Il est le seul être à ma connaissance, qui soit pleinement parvenu à accorder sa sensibilité, humaine jusqu'au déchirement, avec son intelligence, lucide jusqu'à la sérénité, et à régler sur les mouvements spontanés de son coeur les opinions réfléchies et les orientations méthodiques de son esprit. Je vois en lui l'homme nouveau par excellence, le témoin désigné des énergies qui germent dans la conscience de la fraction la plus vivante et généreuse de l'humanité aux heures décisives de son histoire. Un saint ? un héros ? formules mortes. Il aime trop la vie terrestre pour être classé dans la première catégorie. Il est trop foncièrement simple et porte une aversion trop vive à tout ce qui est mots et attitudes historiques pour entrer dans la seconde sans difficultés. Qu'il soit prêt à mourir sans phrases, qu'il consente sans se plaindre à être pauvre ou à devenir plus pauvre pour rester digne d'une cause épousée sans retour possible, cela, chez lui, est aussi normal que son amour pour les enfants ou les paroles confiantes qu'il échange avec ses amis, parce que cela se confond avec la notion claire qu'il s'est faite de la tâche où la pente de sa nature l'a conduit.

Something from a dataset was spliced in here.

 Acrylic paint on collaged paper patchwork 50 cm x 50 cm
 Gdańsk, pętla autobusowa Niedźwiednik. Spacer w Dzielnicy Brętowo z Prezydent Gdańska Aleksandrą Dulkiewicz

L'artiste qui a joué le rôle principal dans la révolution de l'ameublement moderne parce qu'il a été le premier à comprendre que le meuble n'est qu'une architecture à l'échelle de nos besoins, l'humoriste aussi ironique envers lui-même qu'il est amusé par les autres, l'être fraternel qu'il se montre envers ceux qui peinent et souffrent, l'ennemi irréductible que manifestent tous ses actes vis-à-vis de ceux dont les jouissances sont faites de la peine et de la souffrance d'autrui, autant de tendances la plupart du temps isolées ou contradictoires chez la plupart d'entre nous. Chez lui, elles s'accordent sans effort dans l'unité spirituelle et active la plus harmonieuse qui se puisse concevoir. (...)".